From 23. March 2026 till 26. March 2026 KubeCon and CloudNativeCon Europe 2026 happened in Amsterdam, Netherlands. In this article, I share my learnings from this year's conference. It was my first time at KubeCon. Therefore, I can’t compare it to previous years.

It’s a huge event, tons of companies, thousands of people and hundreds of talks. As with every conference, you run into the trouble that interesting talks run in parallel. You have to decide which one to attend. Luckily, the talks got recorded. You can look them up afterwards.

The great thing is that maintainers, companies, engineers, and more are in one place. It's great to meet people from the community you’ve met or worked with before. The benefit of this conference is that it brings everyone together in one place. Getting to know maintainers of the tools you use and run.

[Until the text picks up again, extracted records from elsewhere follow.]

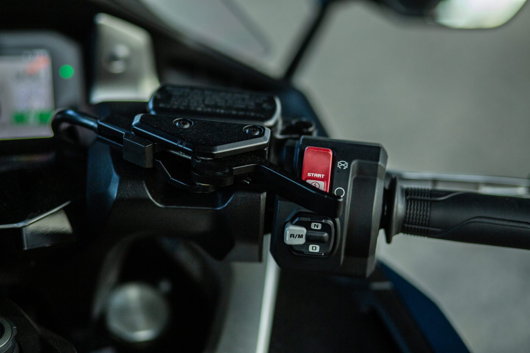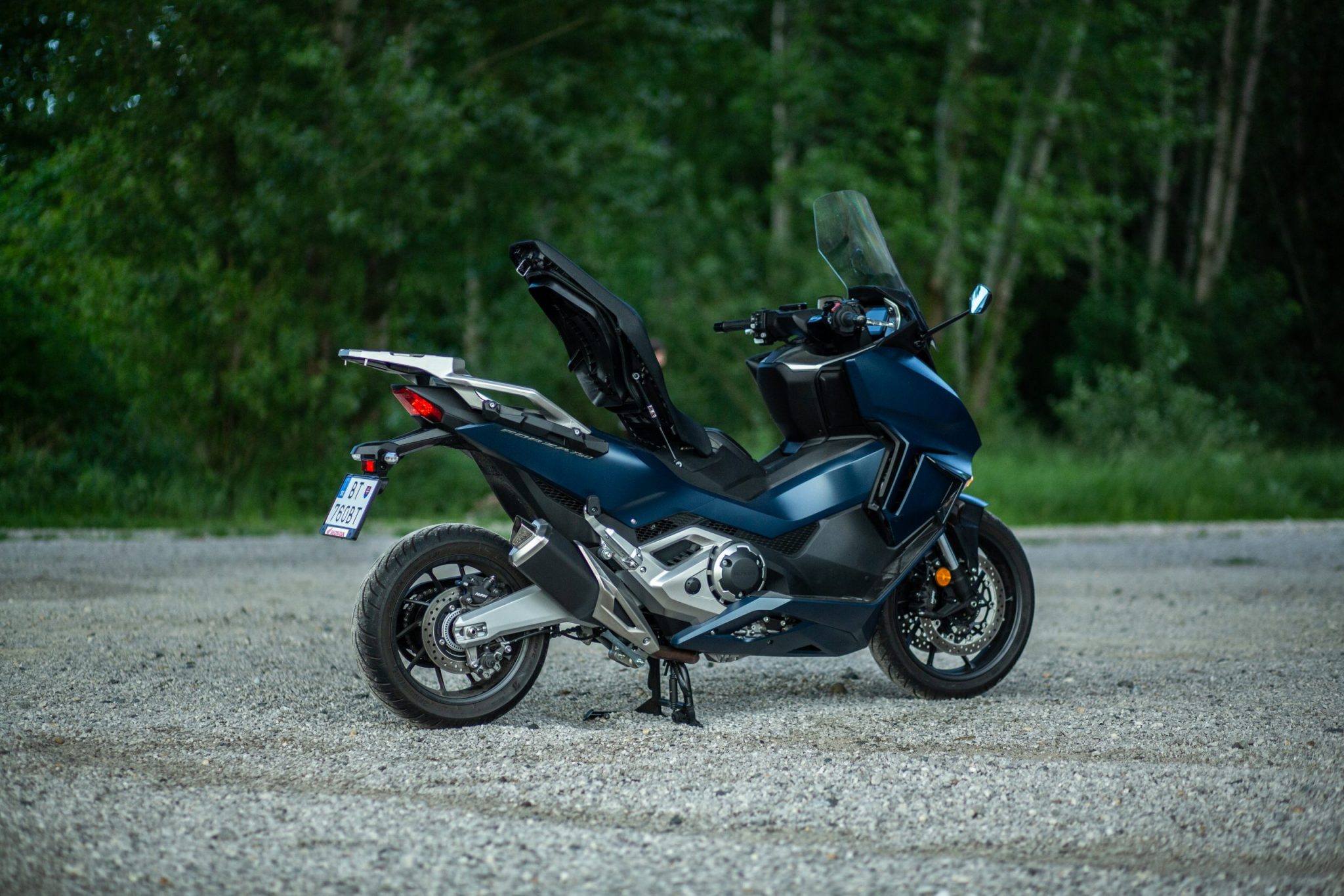 Tak ako aj u X-ADV-čka sa nám ručná brzda presunula na pravú stranu riadidiel kde si ju určite všimnete, nezabudnite ju však pred vyrazením povoliť. Aj vďaka tomu sa nám uvoľnilo miesto na pravej strane kde bola pôvodne umiestnená a vznikol nám tam odkladací priestor. Otváranie sedačky ako aj nádrže je elektronické a na tlačidlo. Sedlo nám v otvorenej podobe udrží plynová vzpera. Pod sedačku sa pohodlne zmestí aj integrálna prilba a stále tam je dosť miesta na ďalšie veci. Pod sedadlom taktiež nájdeme aj USB C konektor. Výška sedla je taká zlata stredná cesta s hodnotou 790 milimetrov, ale kvôli trochu väčšej šírke musíte mať dlhšie nohy aby ste pohodlne dosiahli až na zem.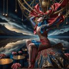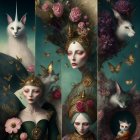 A surreal, ethereal composition featuring mystical women adorned with intricate crowns and floral elements, accompanied by elegant cats and butterflies, all set against a dreamy background.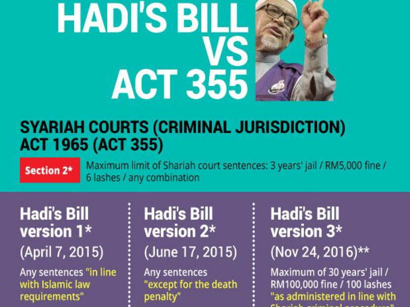 Known as “Hadi’s Bill” after its chief proponent, it is also nicknamed “RUU355”, as it is aimed at amending the Syariah Courts (Criminal Jurisdiction) Act 1965, or Act 355.

AI evolves so rapidly that by the time speakers submit their proposals and the conference takes place, the technology has already advanced. This created a challenge to deliver up-to-date talks.

Takeaway: Getting agents to production

The general theme regarding AI was: In 2025, many AI projects, initiatives, and experiments were kicked off. Now, 2026 is becoming the year of ROI. Investors are expecting tangible results. This means prototypes must move into production. They suddenly face much stricter requirements for security, compliance, and observability.

Use k8s to run AI agents

I used to assume that companies would run AI agents in tightly sandboxed environments like micro-VMs. LLMs are powerful, unpredictable, and easy to trick. That felt like a clear security risk. What I’ve learned instead is that many teams simply run these agents as containers in their existing Kubernetes clusters. Most of these agents serve internal use cases. This lets teams reuse the infrastructure and tooling they already know. But it also moves the security challenges into the k8s environment itself.

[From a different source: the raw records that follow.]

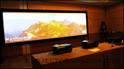 本套系統使用了10臺PD F32SX+內置式INFITEC光譜立體投影機,投射在一個弧度180度正投屏幕上面,清晰再現海面各種復雜天氣情況。 |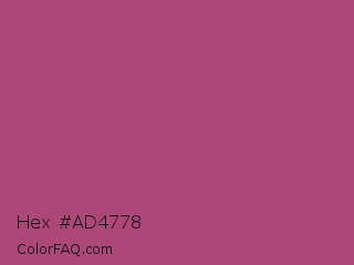 Hex #ad4778 Color is a normal rose color and the nearest color is Mystic Maroon #ad4379. Hex code #ad4778 and RGB value is rgb(173,71,120). In RGB color space, this color is composed of 68% red, 28% green, 47% blue, In CMYK color space, this color is composed of 0% cyan, 59% magenta, 31% yellow , 32% black , In HSL color space, this color has a hue angle of 331° , 42% saturation and 48% lightness.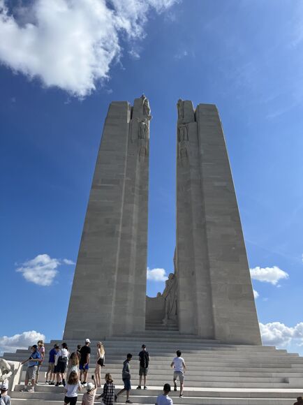 As the sun faded into an evening light, we finished the day off with a filling dinner and a ceremony at the Menin Gate. This ceremony has taken place every evening at 20:00 since the 2nd of July 1928, it serves to remember those who fought in the war. This was followed by a trip to the local Belgium Chocolate shop, before heading off to bed. The next day, we set off to the Vimy Ridge, a Canadian warsite filled with huge bomb and mine craters, surrounded by masses of forest - again showing the awful number of lives lost. We later found out that every tree planted represented a Canadian death in the trenches. I personally found this tour particularly interesting, yet harrowing, as we were shown around the tunnels below and found out that they were actually carved out by hand - miners using their fingernails as digging tools in order to keep as quiet as possible. These were used to keep military lives safe and protect runners from getting killed while carrying messages to places. The tunnels lead to the trenches outside, with the Canadian offensive line just a couple of metres away from the German defence line. Finishing off that tour, we headed to Newfoundland Park, another Canadian remembrance site, where we had lunch.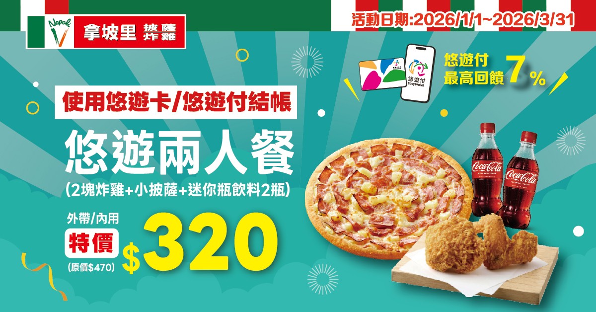 2026 年 3 月 31 日前,至拿坡里買悠遊兩人餐(小披薩+2塊炸雞+2瓶迷你瓶飲料350ml),使用悠遊卡、悠遊聯名卡或悠遊付結帳,享優惠 320 元(原價470元)。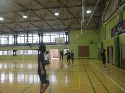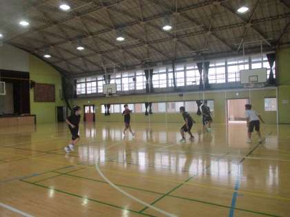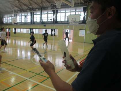 熱中症にならないように、、毎日、日直の先生が気温を図りながら部活動を実施しています。今はお盆前の暑さはなく、体育館も風が吹き抜け快適です。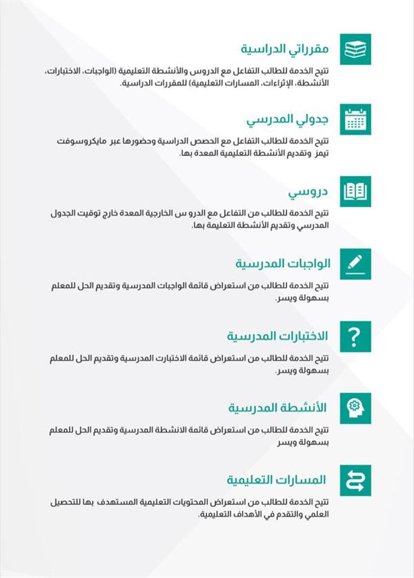ويعزز التطبيق مفهوم التعلّم النشط، والتعليم عن بُعد، حيث يمكن لكل طالب أو ولي أمر تنزيله وتثبيته على الجهاز الخاص به، واستخدامه في أي وقت وعلى مدار اليوم، وذلك امتداداً لرحلة التعليم الإلكتروني التي اتخذتها وزارة التعليم في هذه المرحلة، وتعمل على تطويرها بشكل مستمر.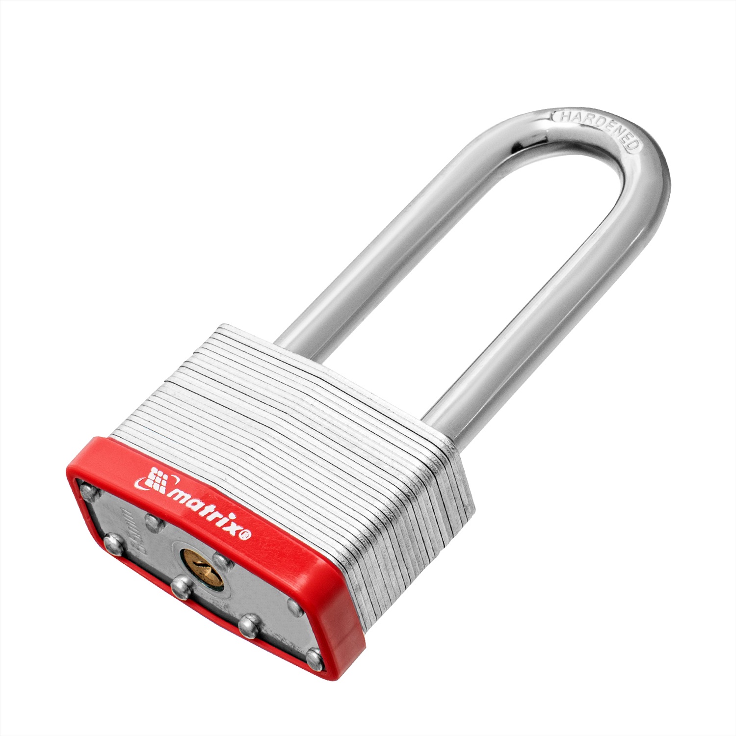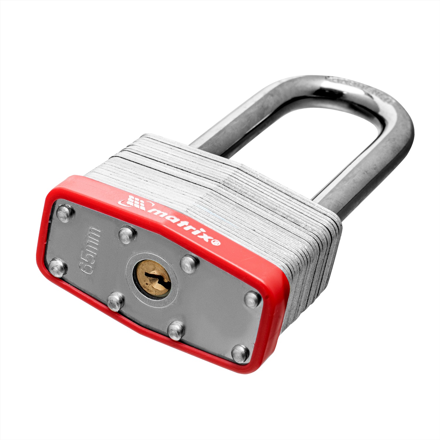Навесной замок Matrix 91811 шириной 65 мм, с удлиненной дужкой, вешается на дверь для защиты от несанкционированного проникновения. Пригодится для запирания дверей гаража, подсобки и других помещений. Отличается повышенной взломостойкостью, т.к. дужку диаметром 11 мм сложно перекусить или сорвать.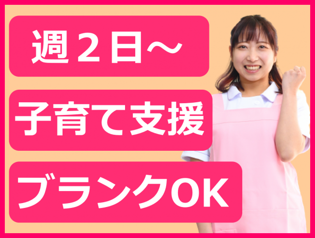 土日祝勤務できる方歓迎/週2日~/就業時間応相談/残業なし/ブランクOK/子育て支援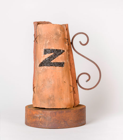 La serie de los jarrones consta de 15 piezas absolutamente nuevas en la carrera del artista. Realizados con tejas de barro cosidas con hierro (tal vez en un homenaje del artista a las lañas de las cerámicas históricas de la tradición española) incorporan también incrustaciones en cristal. Se trata de uno de los últimos trabajos del artista, un conjunto de grandes jarrones con enorme personalidad.

Agent identities in k8s with SPIFFE/SPIRE

Running agents on personal machines, it seems natural that they impersonate the user. But when an agent runs within the cluster, how do we identify the agent? It often serves multiple users and exhibits human-like interaction capabilities.

This is what some talks covered. One of them was When an Agent Acts on Your Behalf, Who Holds the Keys? - Mariusz Sabath & Maia Iyer, IBM Research In this talk, the speakers presented kagenti. It cryptographically binds an AI agent’s identity to the user's delegated identity.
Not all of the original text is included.